Segmenting results into groups with small sample sizes, amplifying the impact of noise
Failure to recognize the multiple comparisons problem
Analyses that are not self-serve and, therefore, consume the data team’s bandwidth
Aimless analyses that find false insights in the data that do not generalize to new data
Unnecessary complexity that introduces friction in decision-making due to conflicting perceived patterns Here are effective practices to mitigate these pitfalls:
Defining segmentation and hypotheses before running the experiment
Making analyses self-serve to avoid consuming data science bandwidth
Invest resources into enabling more experiments rather than overanalyzing individual experiments.
Test any insights that were not part of the initial hypotheses in follow-up experiments.

Experiment Reports

Beyond its ability to inform the immediate ship vs. don’t ship decision, experimentation provides value by shaping product knowledge and informing the future roadmap. Unlocking this benefit requires clear experiment reports that can be referenced later and understood by people who were not involved in the experiment. This includes:

Clearly documented hypotheses that indicate the thought process behind the experiment
Screenshots that clearly show what was tested
Key results next to key takeaways

Applications of Experimentation in Real-world Scenarios

Although there are general best practices associated with the execution of digital experiments, different applications are often better suited to different approaches. The table below summarizes common use cases and associated considerations.

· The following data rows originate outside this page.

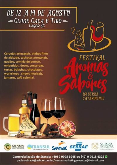 De 12 a 14 de agosto o clube Caça e Tiro em Lages, será palco do 1º Festival de Aromas e Sabores.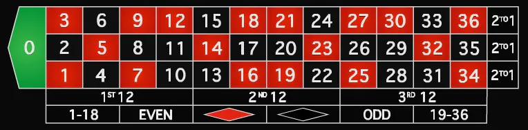 | 1st 12 (Dozen) | 2-1 | 32.43% | |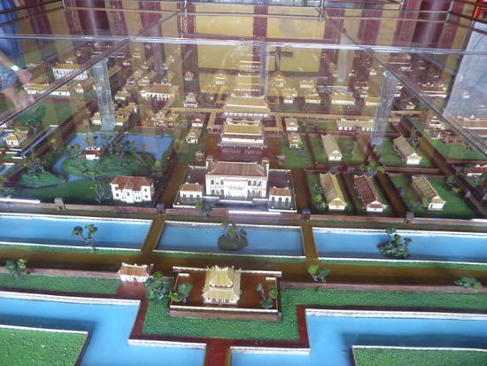 Ich sehe mir das Modell an und sehe, dass es so riesig ist, dass ich in der momentanen Verfassung nicht einmal einen Bruchteil sehen könnte. Also setze ich mich in einen der schattigen Gänge und betrachte die Leute. Sie schleichen durch die Gänge, kämpfen mit ihrer Motivation, laufen hinter ihrem Guide her, der unerschöpflich Informationen von sich gibt. In englisch, französisch, spanisch und einmal höre ich sogar deutsch. Ich bin richtig froh, dass ich niemandem folgen muss, dass ich den Komplex einfach auf mich einwirken lassen kann.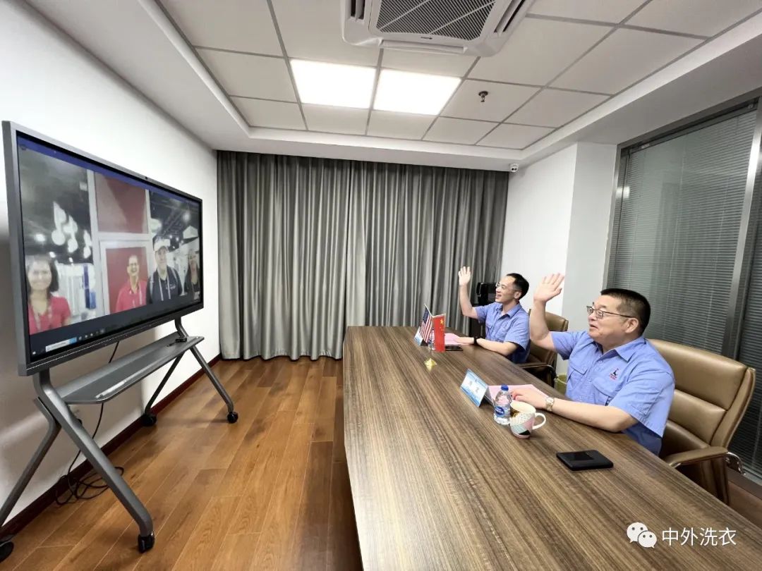 7月31日晚,海獅進行了項目云簽約。本項目是位于北美一家酒洗企業,購置的設備涵蓋了洗衣龍系統、水洗、烘干、后整理設備等全套海獅高端洗滌設備。整套設備采用定制化設計制造,裝載機上還定制了中國龍圖案。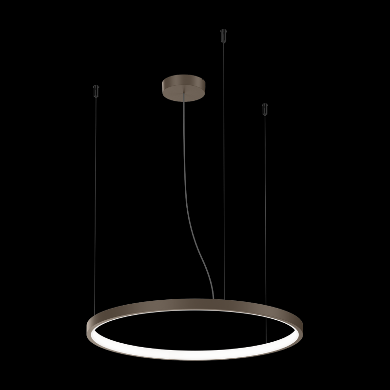 Luminaire suspendu circulaire en aluminium moulé sous pression avec suspension de câble réglable max. 4000 mm et cache-piton en noir de sécurité surface bronze peinture humide , mate lisse RAL 7013 couvercle en silicone PCB 3-step binning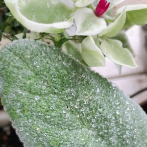今朝のベランダより•*¨*•.¸¸♬︎ 雨上がり、ラムズイヤーの葉の小さな雨粒がお砂糖をまぶしたように見えてちょっと感動( ˘͈ ᵕ ˘͈ )❤︎
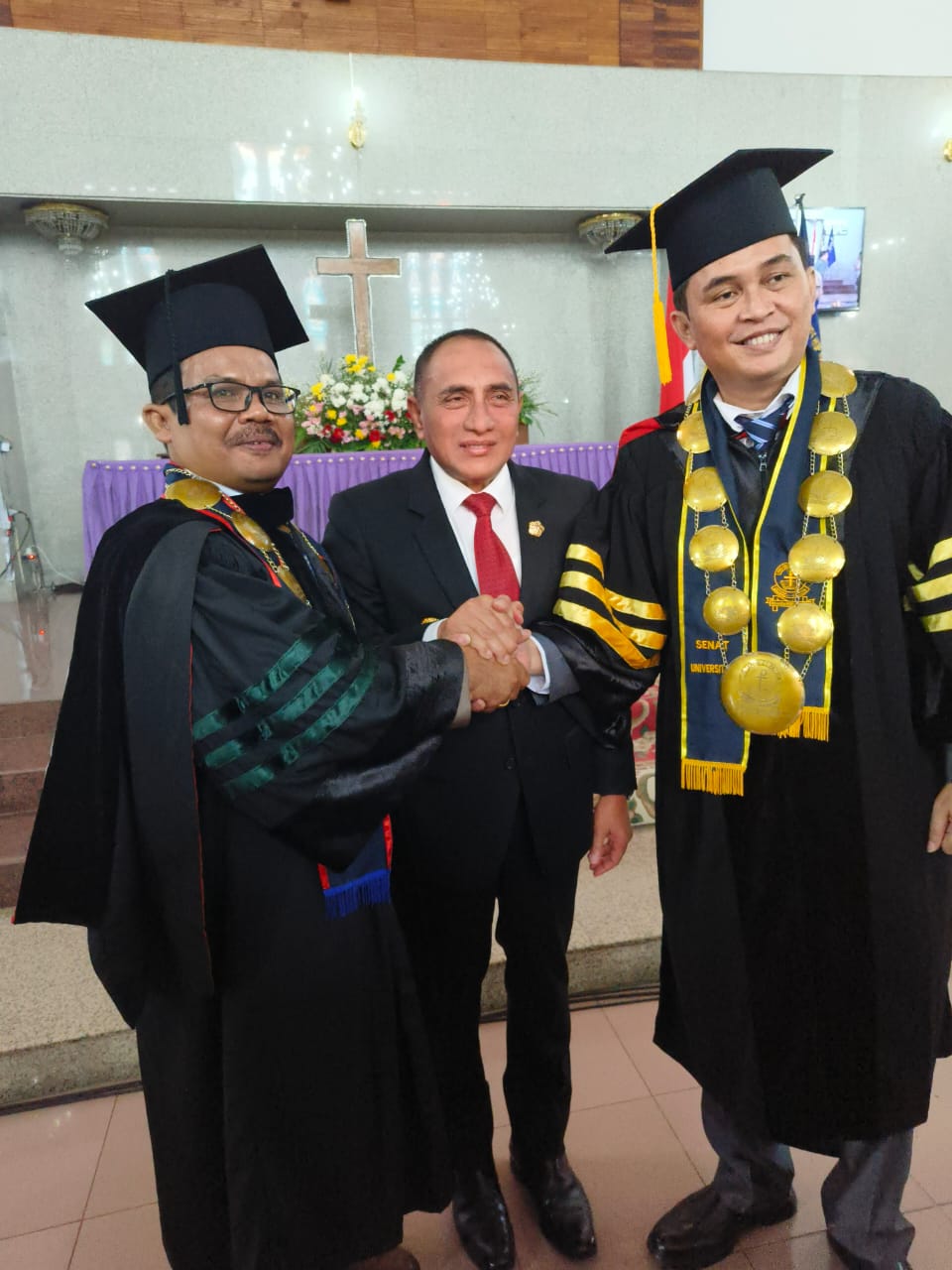 Sementara dalam sambutannya Gubernur Sumatera Utara Letjen TNI (Purn) Edy Rahmayadi mengapresiasi UHN Medan dan UHN Pematangsiantar sebagai salah satu PTS yang punya visi dan misi untuk membangun SDM bangsa ini yang berkarakter. Bahkan secara khusus Gubsu mengatakan demografi otak orang Batak diberikan karunia oleh Tuhan untuk jadi pintar dan itu sangat kita syukuri tambah Gubsu lagi. Gubsu di akhir kata sambutannya mengatakan selamat kepada Rektor terpilih dan selamat bekerja untuk membangun SDM negara ini dan semoga UHN Medan dan UHN Pematangsiantar bisa sukses ke depan, tegas Gubsu lagi.

Use Case	Goal	Challenges	Common metrics	Common techniques
Releasing software (canary testing)	Mitigate risk	Need near realtime event logging	Error rates, latency	Sequential testing
Changing a website design	Validate new ideas	identity resolution for logged out users	Conversion rate, revenue per user	Fixed sample or sequential testing
Refining a search algorithm	Improve relevancy	Choosing candidate models, mutually exclusive experiments	Bookings, mean reciprocal rank	Fixed sample or sequential testing
AI model evaluation	Measure business impact of new models	Offline metrics don't necessarily translate to better business outcomes	Retention, revenue, new subscriptions	Fixed sample or sequential testing
B2B experiments	Validate new ideas	Cannot randomize at the user-level due to interactions	Retention, usage rate, signup rate	Clustered experiments

Conclusion

Companies in various industries have increasingly relied on controlled experiments as a means of evaluating the causal effect of product changes. Although controlled experiments may seem simple at first, there are various subtleties associated with proper design, implementation, and analysis. By following best practices, organizations can unlock the value of experimentation by leveraging trustworthy insights and shaping product knowledge.